HOW TO COMPLETE THIS TASK
All of the entries below need repeating exactly, apart from their images.

______

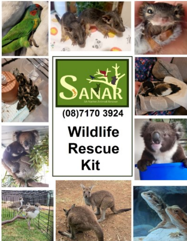
All Content © Copyright 2024 SA Native Animal Rescue (SANAR) Inc.
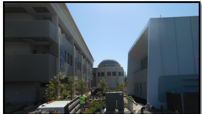
Infrastructure Phase II Increment II
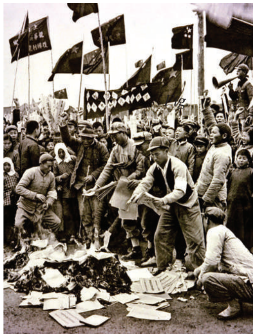
Fig 15.4 : People burning land records

After two years of relatively peaceful attempts at understanding rural situation, forming peasant associations etc, land reform proper was launched in 1950-51.
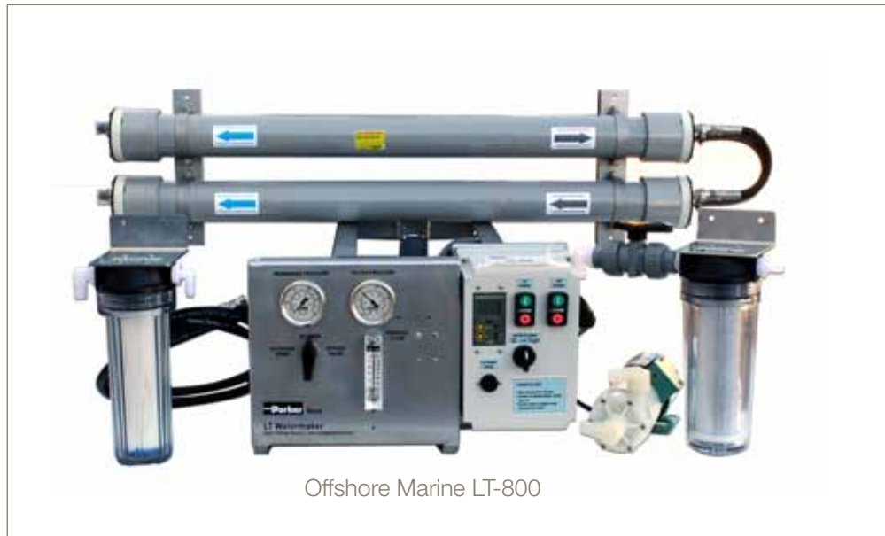
Offshore Marine LT-800

The units feature a semi modular frame format, for installation flexibility. The frame is compact and can be above or below the water line. The boost pump and prefilters are supplied as loose items.
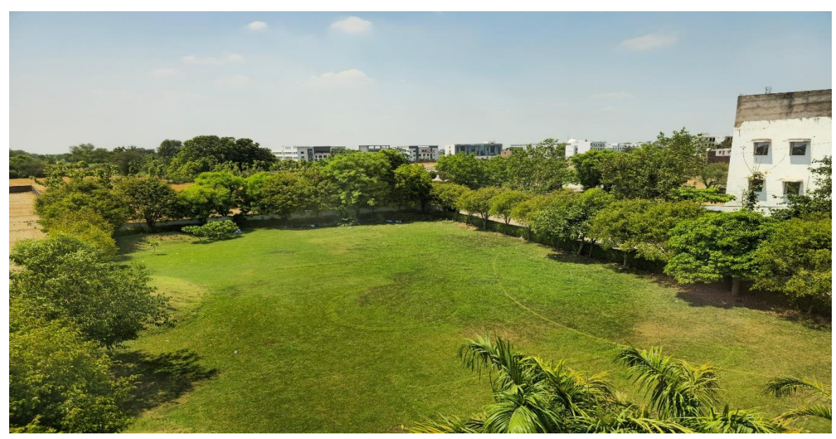
Landscaping with trees
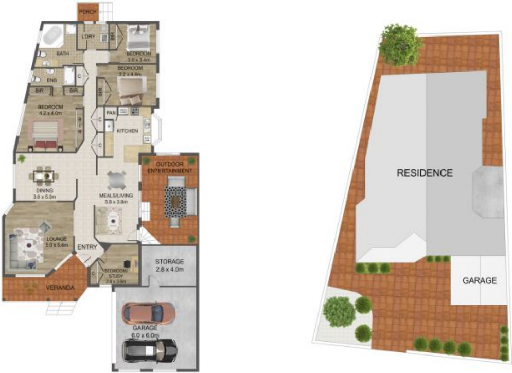
THE ABOVE PLAN IS AN ARTIST'S IMPRESSION ONLY, IT INCLUDES ELEMENTS THAT ARE FOR DISPLAY PURPOSES ONLY AND MAY NOT BE TO SCALE. LANDSCAPING SHOWN IS INDICATIVE ONLY. DIMENSIONS ARE APPROXIMATE.

______

TASK RESULT
All Content © Copyright 2024 SA Native Animal Rescue (SANAR) Inc.
Infrastructure Phase II Increment II
Fig 15.4 : People burning land records

After two years of relatively peaceful attempts at understanding rural situation, forming peasant associations etc, land reform proper was launched in 1950-51.
Offshore Marine LT-800

The units feature a semi modular frame format, for installation flexibility. The frame is compact and can be above or below the water line. The boost pump and prefilters are supplied as loose items.
Landscaping with trees
THE ABOVE PLAN IS AN ARTIST'S IMPRESSION ONLY, IT INCLUDES ELEMENTS THAT ARE FOR DISPLAY PURPOSES ONLY AND MAY NOT BE TO SCALE. LANDSCAPING SHOWN IS INDICATIVE ONLY. DIMENSIONS ARE APPROXIMATE.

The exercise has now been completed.